> **Data shown**:
###

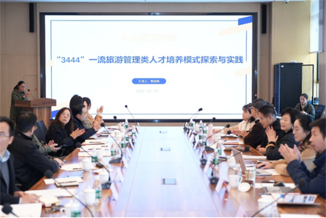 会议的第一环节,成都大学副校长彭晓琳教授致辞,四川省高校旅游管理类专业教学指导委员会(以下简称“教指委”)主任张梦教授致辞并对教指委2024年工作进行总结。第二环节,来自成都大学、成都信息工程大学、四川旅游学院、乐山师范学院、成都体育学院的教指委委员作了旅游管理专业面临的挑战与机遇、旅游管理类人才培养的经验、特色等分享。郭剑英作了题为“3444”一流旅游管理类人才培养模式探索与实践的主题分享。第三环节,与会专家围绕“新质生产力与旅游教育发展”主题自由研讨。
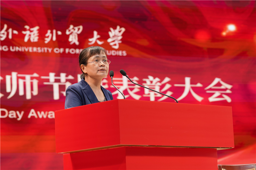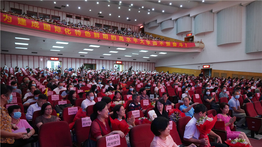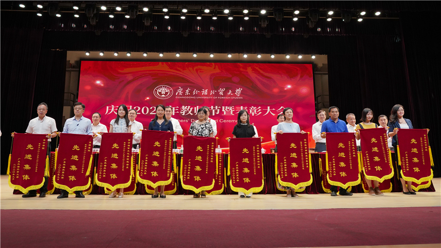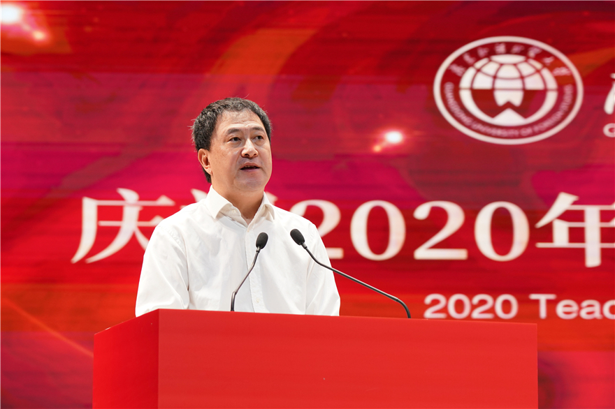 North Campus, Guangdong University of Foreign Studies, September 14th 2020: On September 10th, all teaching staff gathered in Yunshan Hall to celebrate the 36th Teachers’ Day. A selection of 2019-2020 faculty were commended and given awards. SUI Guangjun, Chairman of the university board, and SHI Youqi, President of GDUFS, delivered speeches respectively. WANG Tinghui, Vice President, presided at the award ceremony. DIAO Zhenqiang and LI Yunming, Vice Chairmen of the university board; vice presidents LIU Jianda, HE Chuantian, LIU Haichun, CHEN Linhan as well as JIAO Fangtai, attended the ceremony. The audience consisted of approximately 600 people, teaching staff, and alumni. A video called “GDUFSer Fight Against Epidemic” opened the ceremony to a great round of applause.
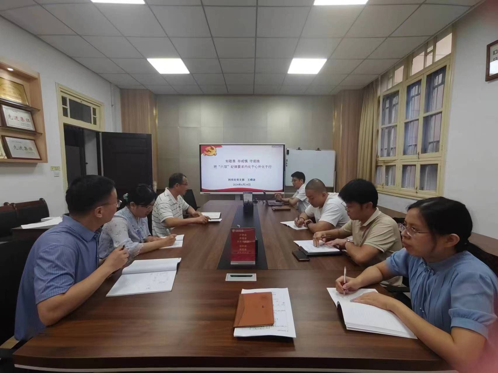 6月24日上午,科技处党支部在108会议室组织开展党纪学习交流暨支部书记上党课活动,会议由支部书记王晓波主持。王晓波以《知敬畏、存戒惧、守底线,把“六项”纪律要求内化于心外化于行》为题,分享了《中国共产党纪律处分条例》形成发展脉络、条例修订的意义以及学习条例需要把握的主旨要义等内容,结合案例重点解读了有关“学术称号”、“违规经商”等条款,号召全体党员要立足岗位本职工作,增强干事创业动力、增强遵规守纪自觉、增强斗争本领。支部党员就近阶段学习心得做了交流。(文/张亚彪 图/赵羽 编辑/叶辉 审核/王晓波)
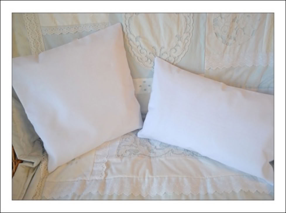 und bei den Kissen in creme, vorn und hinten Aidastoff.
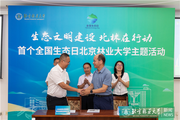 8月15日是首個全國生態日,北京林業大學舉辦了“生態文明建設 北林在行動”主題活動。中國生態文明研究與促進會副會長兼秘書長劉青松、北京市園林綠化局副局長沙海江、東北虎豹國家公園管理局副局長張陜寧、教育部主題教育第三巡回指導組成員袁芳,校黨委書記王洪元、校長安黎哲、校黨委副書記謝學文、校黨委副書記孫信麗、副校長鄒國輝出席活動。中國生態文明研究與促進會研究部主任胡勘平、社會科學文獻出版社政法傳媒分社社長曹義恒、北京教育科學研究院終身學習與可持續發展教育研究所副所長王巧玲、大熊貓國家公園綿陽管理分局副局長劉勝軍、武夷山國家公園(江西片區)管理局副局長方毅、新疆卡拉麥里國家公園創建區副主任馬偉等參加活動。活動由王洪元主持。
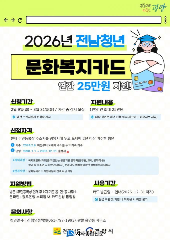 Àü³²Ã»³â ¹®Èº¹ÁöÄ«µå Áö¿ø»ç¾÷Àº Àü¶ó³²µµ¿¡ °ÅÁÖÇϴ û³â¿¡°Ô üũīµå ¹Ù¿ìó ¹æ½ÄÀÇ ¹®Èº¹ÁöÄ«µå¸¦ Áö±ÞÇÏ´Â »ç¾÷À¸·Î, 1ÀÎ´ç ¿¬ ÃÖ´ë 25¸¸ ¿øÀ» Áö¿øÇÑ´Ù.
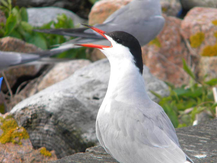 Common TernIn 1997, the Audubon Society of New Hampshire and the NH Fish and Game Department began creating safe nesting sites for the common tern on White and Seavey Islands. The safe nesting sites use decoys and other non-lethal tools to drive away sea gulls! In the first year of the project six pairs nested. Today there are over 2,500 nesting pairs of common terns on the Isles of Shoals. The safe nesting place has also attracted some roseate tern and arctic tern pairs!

###

> **Problem**:
Reproduce, exactly and with no pictures, the lines from the line containing "图/赵羽 编辑/叶辉 审核/王晓波)" through the closing line of the data above, keeping both ends.

> **Response**:
 6月24日上午,科技处党支部在108会议室组织开展党纪学习交流暨支部书记上党课活动,会议由支部书记王晓波主持。王晓波以《知敬畏、存戒惧、守底线,把“六项”纪律要求内化于心外化于行》为题,分享了《中国共产党纪律处分条例》形成发展脉络、条例修订的意义以及学习条例需要把握的主旨要义等内容,结合案例重点解读了有关“学术称号”、“违规经商”等条款,号召全体党员要立足岗位本职工作,增强干事创业动力、增强遵规守纪自觉、增强斗争本领。支部党员就近阶段学习心得做了交流。(文/张亚彪 图/赵羽 编辑/叶辉 审核/王晓波)
 und bei den Kissen in creme, vorn und hinten Aidastoff.
 8月15日是首個全國生態日,北京林業大學舉辦了“生態文明建設 北林在行動”主題活動。中國生態文明研究與促進會副會長兼秘書長劉青松、北京市園林綠化局副局長沙海江、東北虎豹國家公園管理局副局長張陜寧、教育部主題教育第三巡回指導組成員袁芳,校黨委書記王洪元、校長安黎哲、校黨委副書記謝學文、校黨委副書記孫信麗、副校長鄒國輝出席活動。中國生態文明研究與促進會研究部主任胡勘平、社會科學文獻出版社政法傳媒分社社長曹義恒、北京教育科學研究院終身學習與可持續發展教育研究所副所長王巧玲、大熊貓國家公園綿陽管理分局副局長劉勝軍、武夷山國家公園(江西片區)管理局副局長方毅、新疆卡拉麥里國家公園創建區副主任馬偉等參加活動。活動由王洪元主持。
 Àü³²Ã»³â ¹®Èº¹ÁöÄ«µå Áö¿ø»ç¾÷Àº Àü¶ó³²µµ¿¡ °ÅÁÖÇϴ û³â¿¡°Ô üũīµå ¹Ù¿ìó ¹æ½ÄÀÇ ¹®Èº¹ÁöÄ«µå¸¦ Áö±ÞÇÏ´Â »ç¾÷À¸·Î, 1ÀÎ´ç ¿¬ ÃÖ´ë 25¸¸ ¿øÀ» Áö¿øÇÑ´Ù.
 Common TernIn 1997, the Audubon Society of New Hampshire and the NH Fish and Game Department began creating safe nesting sites for the common tern on White and Seavey Islands. The safe nesting sites use decoys and other non-lethal tools to drive away sea gulls! In the first year of the project six pairs nested. Today there are over 2,500 nesting pairs of common terns on the Isles of Shoals. The safe nesting place has also attracted some roseate tern and arctic tern pairs!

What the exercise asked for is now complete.